The long-awaited changes to the UAE Federal Law no.2 of 2015, commonly known as the Companies Law (the “Law”), have been finally published in the Official Gazette on the 2nd of January 2021. The UAE Federal Degree No. 26 of 2020 on the amendment of certain provision of the UAE Federal Law no.2 of 2015 concerning Commercial Companies approved on 27 September 2020 (the “New Regulations”) goes to replace and amend certain provisions of the Law and repels the UAE Federal Decree 19 of 2018 regarding Foreign Direct Investment.

The major amendments brought by the New Regulations are:

(a) the abolishing of the requirement for certain types of companies to have a national service agent;

(b) the possibility of 100% foreign ownership for companies conducting “activities of strategic effect”;

(c) the introduction of specific governance requirements for all companies, not only for regulated entities such as public or private joint stock companies; and

(d) the requirement for all companies to have dispute resolution provision clauses added to their memorandum and/or articles of association.

Among the amendments made by the New Regulations we find:

(i) amendments in respect of the organization, incorporation, and public subscription of shares for public and private joint stock companies and certain changes have been made to the quorums required for calling, attendance and resolutions passed at a General Assembly Meeting.

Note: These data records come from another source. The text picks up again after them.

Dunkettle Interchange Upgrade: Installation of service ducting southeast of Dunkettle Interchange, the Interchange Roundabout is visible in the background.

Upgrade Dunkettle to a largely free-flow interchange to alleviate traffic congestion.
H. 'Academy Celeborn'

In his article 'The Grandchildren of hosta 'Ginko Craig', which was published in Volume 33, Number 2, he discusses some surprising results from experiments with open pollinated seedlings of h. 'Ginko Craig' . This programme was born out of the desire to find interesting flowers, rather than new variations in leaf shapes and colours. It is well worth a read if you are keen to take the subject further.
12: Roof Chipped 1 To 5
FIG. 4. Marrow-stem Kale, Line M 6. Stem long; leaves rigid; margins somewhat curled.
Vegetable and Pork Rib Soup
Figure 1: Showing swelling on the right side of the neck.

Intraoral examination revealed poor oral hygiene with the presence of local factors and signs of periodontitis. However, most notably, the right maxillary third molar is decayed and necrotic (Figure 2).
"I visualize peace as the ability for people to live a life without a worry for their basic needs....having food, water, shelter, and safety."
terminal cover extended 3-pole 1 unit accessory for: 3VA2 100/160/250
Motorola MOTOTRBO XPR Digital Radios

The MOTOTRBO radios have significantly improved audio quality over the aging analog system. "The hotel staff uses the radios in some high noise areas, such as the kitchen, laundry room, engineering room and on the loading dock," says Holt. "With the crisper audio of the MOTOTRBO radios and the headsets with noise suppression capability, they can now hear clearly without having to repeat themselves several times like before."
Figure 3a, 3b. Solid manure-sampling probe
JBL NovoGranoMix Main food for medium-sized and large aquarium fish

(a)All shareholders owning 10% or more of the share capital of a company must be now invited to a General Assembly Meeting as opposed to 25% as required by the Law; and (b) Quorum of a General Assembly Meeting is deemed to be 50% of the shareholders compared to 75% required by the Law).

(ii) a requirement to submit the invitation to the General Assembly Meeting to the shareholders and the Competent Authority 21 days prior to the date of the meeting (as opposed to 15 days) and specific provisions regarding the contents of the invitation have been introduced. In an effort to ensure continuity of business the New Regulations provide for acceptance of General Assembly Meetings to be “held via modern technology methods” thus making it possible for meetings to be held via videoconferencing; and

(iii) several provisions regarding applicable fines, such as: (a) where the fine for late adjustment of a company’s status has been diminished from AED 2000 to AED 100/ day; and (b) a new fine has been introduced in instances of violation of the rules and procedures applicable to acquisitions in addition to the existing penalties listed in art 293 of the Law.

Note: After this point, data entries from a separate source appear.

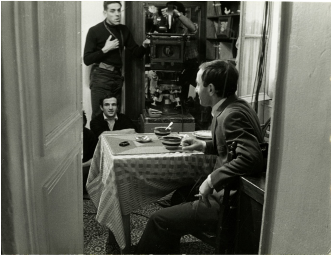
48 UNKNOWN Shoot the Piano Player François Truffaut, 1960

François Truffaut, cinematographer Raoul Coutard, and Charles Aznavour on the set.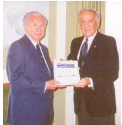
IFBB President Ben Weider proudly presenting the new IFBB Anti-Doping Program to then IOC President Juan Antonio Samaranch

All throughout this, President Weider had waged a determined and persistent battle for IOC recognition. Indeed, this fight occurred over the reigns of four IOC presidents: Avery Brundage (1952-1972), Lord Killanin (1972-1980), Juan Antonio Samaranch (1980-2001), and now, Jacques Rogge (2001-present). Recall that his first petition for IOC recognition was greeted by a legendary rejoinder from then IOC President Lord Killanin, " Sure ... over my dead body! " Luckily, IOC President Juan Antonio Samaranch was slightly more amenable towards the IFBB's efforts, stating in one letter to President Weider, " Mr. Weider ... you are a tenacious fighter for your sport. "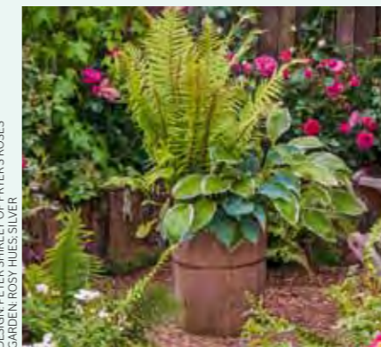
DESIGN: PETER SHIRLEY OF FRYER'S ROSES GARDEN: ROSY HUES, SILVER

Well-planted containers can become focal points: this simple wooden bucket teeming with ferns with hostas held its own (by dint of contrast) among a great many rose blooms.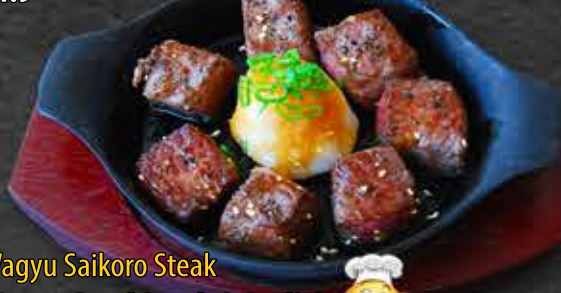
Wagyu Saikoro Steak Wagyu Beef Steak & Radish with Citrus Sauce 19.9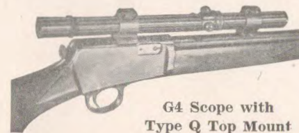
G4 Scope with Type Q Top Mount

Rifles marked * require altering of bolt handle except with J Scopes when mounted forward.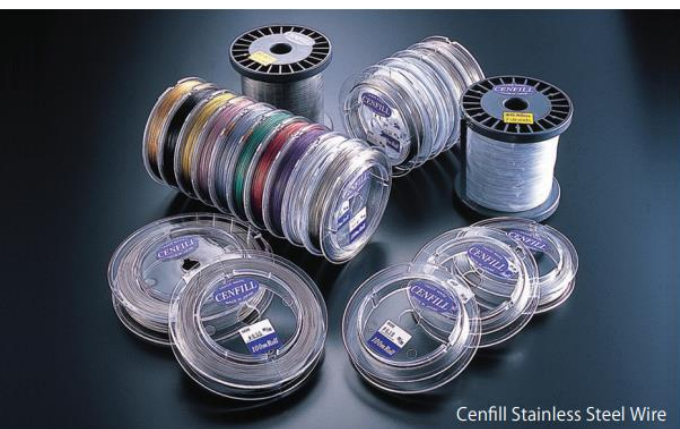
Cenfyll Stainless Steel Wire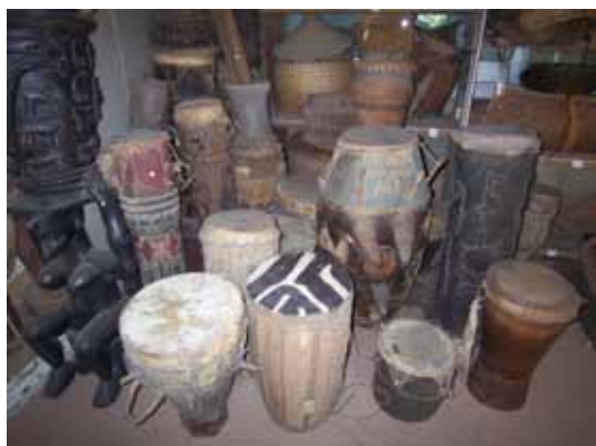
Fig. 5. Different drums using various skins and wood types in the storage rooms of the Théodor Monod museum in Dakar (Senegal).

signs of successive modification phases, quite simply because the end condition of an instrument may well bear witness to its cultural rather than its musical history. As an example, the various layers of deposits on this xylophone (Fig. 3) could correspond either to maintenance phases (oil layer) or to external pollutants (soot, dust, concrete powder). Conservators had to identify each of these individual layers before setting to work. The inscription that can be seen on the skin of this Banza refers to how it was collected by Victor Schoelcher; in other words, it is a reference to a post-usage history (Fig. 4).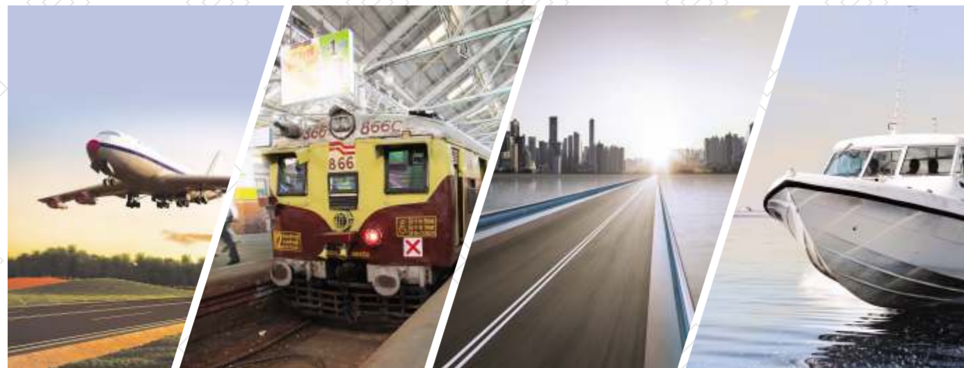
NAVI MUMBAI AIRPORT 10 MIN.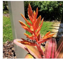
Bromeliad Bromeliad spp.

How Do The New Regulations Impact You?

  1. If your company has a branch opened under any of the Department of Economic Development authorities in the UAE (“DED”) or if you have a civil company registered under DED, you will no longer be required to have a national service agent (Art. 329). You will be able to change your company’s registration within 6 months after the publication of the New Regulations in the Official Gazette.
  2. In accordance with the provisions related to “activities of strategic effect” (Art.10) and pending approval from the relevant Committee established to review such applications, a foreign investor may be allowed to incorporate or register companies under DED without the requirement to partner up with an UAE national. The New Regulations state that the Committee may approve the waiver of the requirement for a UAE national shareholder in whole or in part. The provision for the requirement to have a specific percentage of UAE nationals extends to Boards of Directors of companies (Art. 151). The Competent Authority will decide on the percentage of UAE Nationals mandatory upon formation of the Board of Directors of a company. Depending on your company, its activity, legal structure and legal requirements associated with the legal structure, you may be able to request for such waivers in relation to the shareholding structure and Board composition.
  3. The Competent Authority is due to publish certain governance regulations (Art.6) to include rules, controls and provisions that companies (with the exception of Public Joint Stock Companies) will be required to incorporate in their day-to-day operations. These will have to be included in your company’s existing internal policies.
  4. You will also have to amend your existing memorandum and/or articles of association to include dispute resolution provisions providing “for the means of settling the disputes that arise between the company and any of its directors or that arise among the shareholders as a result of the company’s businesses” (Art. 73).

The New Regulations are a step forward towards attracting more foreign investors to the UAE providing easier access to the market and fewer registration restrictions.